The church had been transformed into a cabaret like atmosphere with candle lit tables, complete with the serving of baked treats, wine and cheese. UC members Diane and Sarah and their two friends started singing years ago when they all attended the University of Chicago. The ladies began the show in classy black then changed into white shirts with colorful sparkly vests and matching armbands. Very sequinny, smart and dapper.
The guys, who sported no mustaches, bow ties or straw hats, were dapper also in vests and arm bands and joked that when they aren't singing in a house of worship they are called the Vestosterones.

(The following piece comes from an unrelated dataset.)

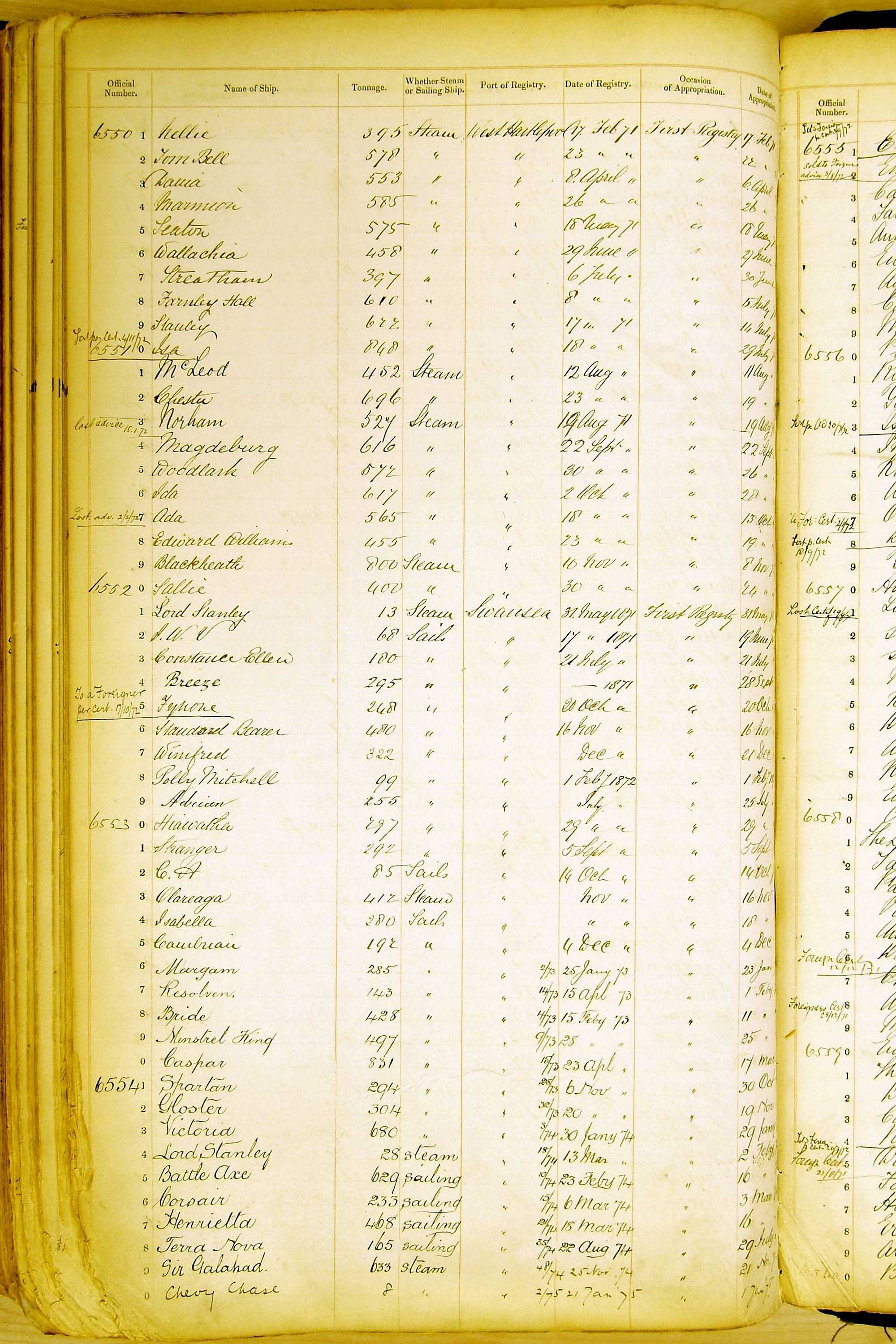 The ship names recorded are those that the ships carried at the time that their official numbers were allocated - changes are sometimes noted, but the best source for changes of name are the shipping registers for the port, or alternatively the Mercantile Navy List.

The harmony of both groups singing a cappella was astounding. I love that full, ringing chord, distictive barbershop harmony sound. Also, it was nice to remember that songs used to have actual melodies and creative lyrics without backin' that ass up or any such thing. Not that there's any thing wrong with that, I mean I like some of that too. But the songs the Friends and the Coast sang were mostly from the Tin Pan Alley era when songs were crafted for singing. When even after the phonograph, sheet music sales were as important as record sales. The groups also shared song trivia about the songs and the movie or play it came from. Back then, Broadway musicals provided most of the songs on the pop charts. Today of course it's rare to have that crossover. Movie musical songs joined Broadway tunes on the pop charts, but it wasn't as calculated as today where they somehow squeeze in a rap song no matter what the movie is about.

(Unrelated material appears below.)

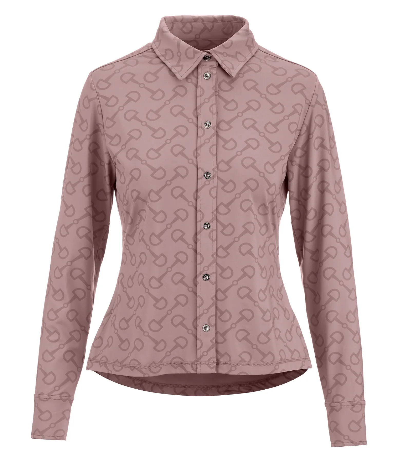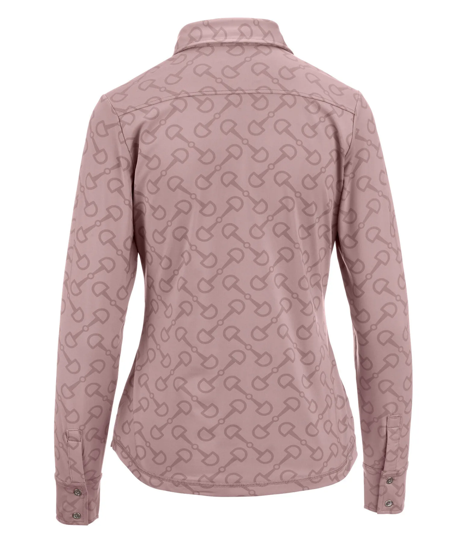 Élégante chemise extensible en matière technique respirante et à séchage rapide avec imprimé all-over à motif mors. Patte de boutonnage et boutons en bas des manches. 85 % polyester, 15 % élasthanne.

The Four Friends sang the Judy Garland to Mickey Rooney song, My Funny Valentine from Babes in Arms, What'll I Do and Don't Sit Under the Apple Tree and the 1930 song Georgia on My Mind. Trivia surprise, composer Hoagy Carmichael wrote Georgia about his sister not the state.
The ladies finished with a George Gershwin medly. The last song of the medly Strike up the Band ends with the lyrics "when the flag unfurled for a brave new world" they reached down and unfurled the GLBT Rainbow Flag, and the crowd goes wild. Nice surprise! Wonderful evening.